* TASK INSTRUCTIONS: Nothing but the lines from the first line of the entries through the line with "2학기 결과 우선 보고드립니다." should appear in the answer, transcribed exactly and free of pictures.

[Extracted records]

━━━━━━━━━━━━━━━━━━━━━━━━━━━━━━

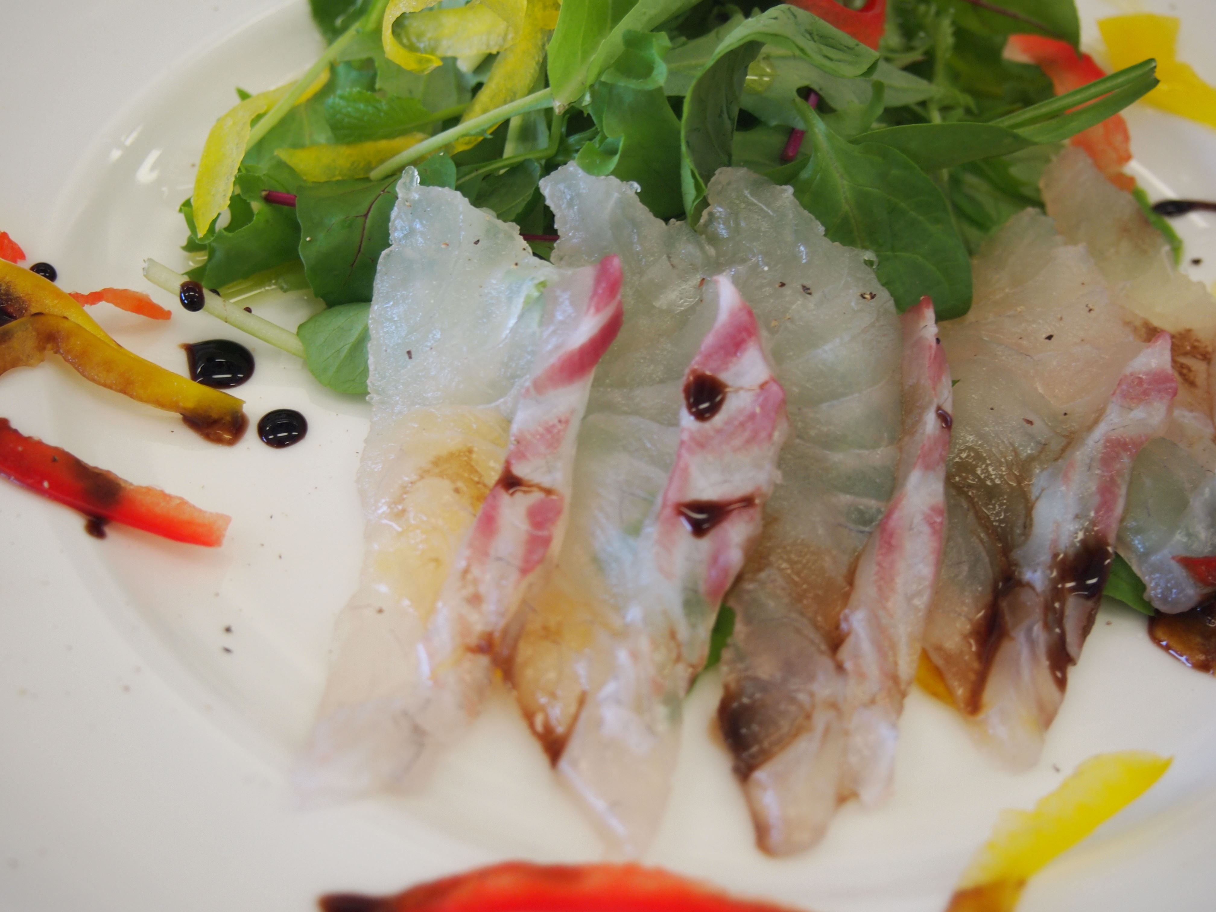 桜鯛のカルパッチョとカブト煮
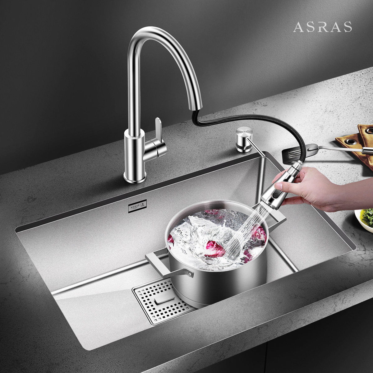 Assas Nanoau Style 4MM Thickened 304 Stainless Steel Handmade Sink Package Big Single Sink Wash Basin
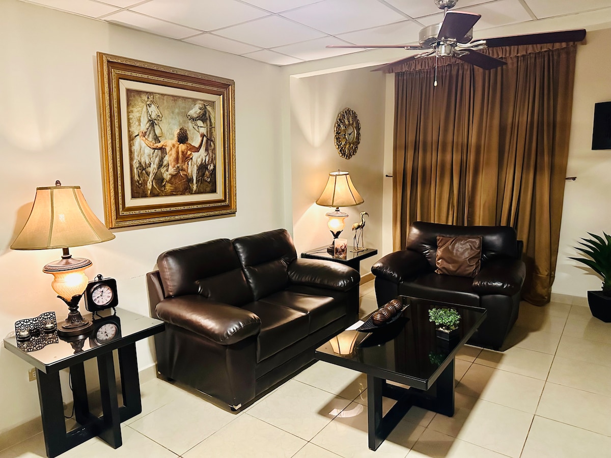 Bine ai venit în paradisul tău: El Salvador. San Salvador combină stilul modern, farmecul istoric și frumusețea naturală. Apartamentul nostru, situat în Turnul Panorama, Colonia Escalón, găzduiește până la 5 oaspeți. Are două dormitoare cu aer condiționat, un living confortabil, o bucătărie complet utilată, o zonă de spălătorie și o curte pavată relaxantă. Oaspeții se bucură de acces la dotări exclusive, cum ar fi o piscină pe acoperiș, sală de gimnastică, parcare privată, loc de joacă pentru copii și securitate non-stop, asigurând un sejur sigur și plăcut.
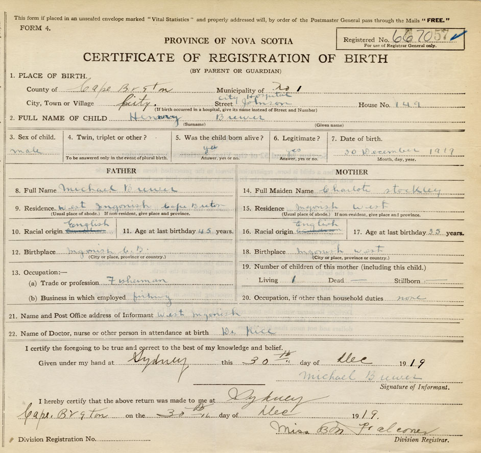 Date of Birth December 30, 1919 Place of Birth SydneyCounty of Cape Breton
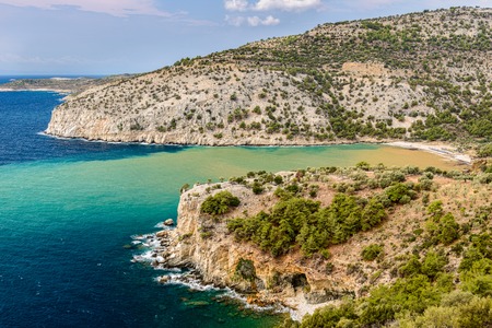 Seascape and sandy beach with turquoise clear waters and trees in Greece
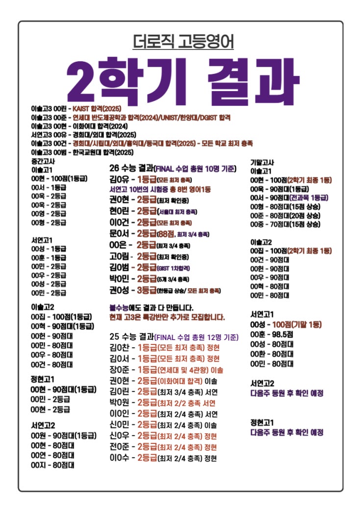 2학기 결과 우선 보고드립니다. 서연고2/정현고1은 아직 반영 못했습니다. 다음주에 아이들 등원하고 결과에 전부 반영해놓겠습니다. 기말고사 기준 이솔1, 이솔2, 서연1 - 확실하게 100점 나왔으며 이솔고1, 이솔고2 - 중간, 기말 최종 1등확정 이솔고3 - 카이스트 합격 서연고1 - 기말고사 100점 학생은 나왔습니다. 올해를 마치며-------- 한번이라도 이 학원에서 제가 하는 노력들을 봤다면, 제 마음을 알아줄꺼라고 믿습니다. 모든 사람을 만족시키는 강의는 할 수 없다고 생각합니다. 그저 제 자리에서 최선을 다하면 된다고 생각합니다. 올해도 정말 많은 학생들이 학원에서 배워주었고, 저에게 기회를 줬다고 생각합니다. 그 자체만으로....... <img src="https://blogthumb.pstatic.net/MjAyNTEyMThfODYg/MDAxNzY2MDUxNjg1ODQ1.9sgJyHq5vv8_2Xp7d7X4222BGxb4i4GhdIaYiGY02ycg.9b8nMIl7rkdBcbMCgahtjterlDeTFQ8B961rnKtWzgsg.JPEG/%C1%A6%B8%F1%C0%BB_%C0%D4%B7%C2%C7%D8%C1%D6%BC%BC%BF%E4_-002_%2819%29.jpg?type=s3" />
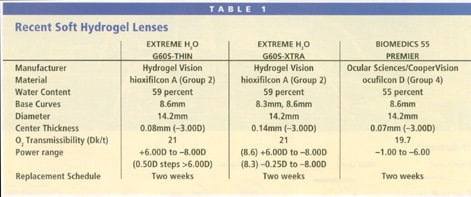 Extreme H2O (hioxifilcon A, Hydrogel Vision Corp.) Many of you may know about Extreme H2O because it's been on the market for several years. However, this lens is now available in two options: G60S-thin and the new addition, G60S-Xtra. Table 1 provides the specifics of both lenses for a side-by-side comparison. The Extreme H2O contact lens is indicated for patients who have dry eye or who experience lens-induced dry eye, particularly toward the end of the day.

━━━━━━━━━━━━━━━━━━━━━━━━━━━━━━

* RESULT FOR THIS EXERCISE:
 桜鯛のカルパッチョとカブト煮
 Assas Nanoau Style 4MM Thickened 304 Stainless Steel Handmade Sink Package Big Single Sink Wash Basin
 Bine ai venit în paradisul tău: El Salvador. San Salvador combină stilul modern, farmecul istoric și frumusețea naturală. Apartamentul nostru, situat în Turnul Panorama, Colonia Escalón, găzduiește până la 5 oaspeți. Are două dormitoare cu aer condiționat, un living confortabil, o bucătărie complet utilată, o zonă de spălătorie și o curte pavată relaxantă. Oaspeții se bucură de acces la dotări exclusive, cum ar fi o piscină pe acoperiș, sală de gimnastică, parcare privată, loc de joacă pentru copii și securitate non-stop, asigurând un sejur sigur și plăcut.
 Date of Birth December 30, 1919 Place of Birth SydneyCounty of Cape Breton
 Seascape and sandy beach with turquoise clear waters and trees in Greece
 2학기 결과 우선 보고드립니다. 서연고2/정현고1은 아직 반영 못했습니다. 다음주에 아이들 등원하고 결과에 전부 반영해놓겠습니다. 기말고사 기준 이솔1, 이솔2, 서연1 - 확실하게 100점 나왔으며 이솔고1, 이솔고2 - 중간, 기말 최종 1등확정 이솔고3 - 카이스트 합격 서연고1 - 기말고사 100점 학생은 나왔습니다. 올해를 마치며-------- 한번이라도 이 학원에서 제가 하는 노력들을 봤다면, 제 마음을 알아줄꺼라고 믿습니다. 모든 사람을 만족시키는 강의는 할 수 없다고 생각합니다. 그저 제 자리에서 최선을 다하면 된다고 생각합니다. 올해도 정말 많은 학생들이 학원에서 배워주었고, 저에게 기회를 줬다고 생각합니다. 그 자체만으로....... <img src="https://blogthumb.pstatic.net/MjAyNTEyMThfODYg/MDAxNzY2MDUxNjg1ODQ1.9sgJyHq5vv8_2Xp7d7X4222BGxb4i4GhdIaYiGY02ycg.9b8nMIl7rkdBcbMCgahtjterlDeTFQ8B961rnKtWzgsg.JPEG/%C1%A6%B8%F1%C0%BB_%C0%D4%B7%C2%C7%D8%C1%D6%BC%BC%BF%E4_-002_%2819%29.jpg?type=s3" />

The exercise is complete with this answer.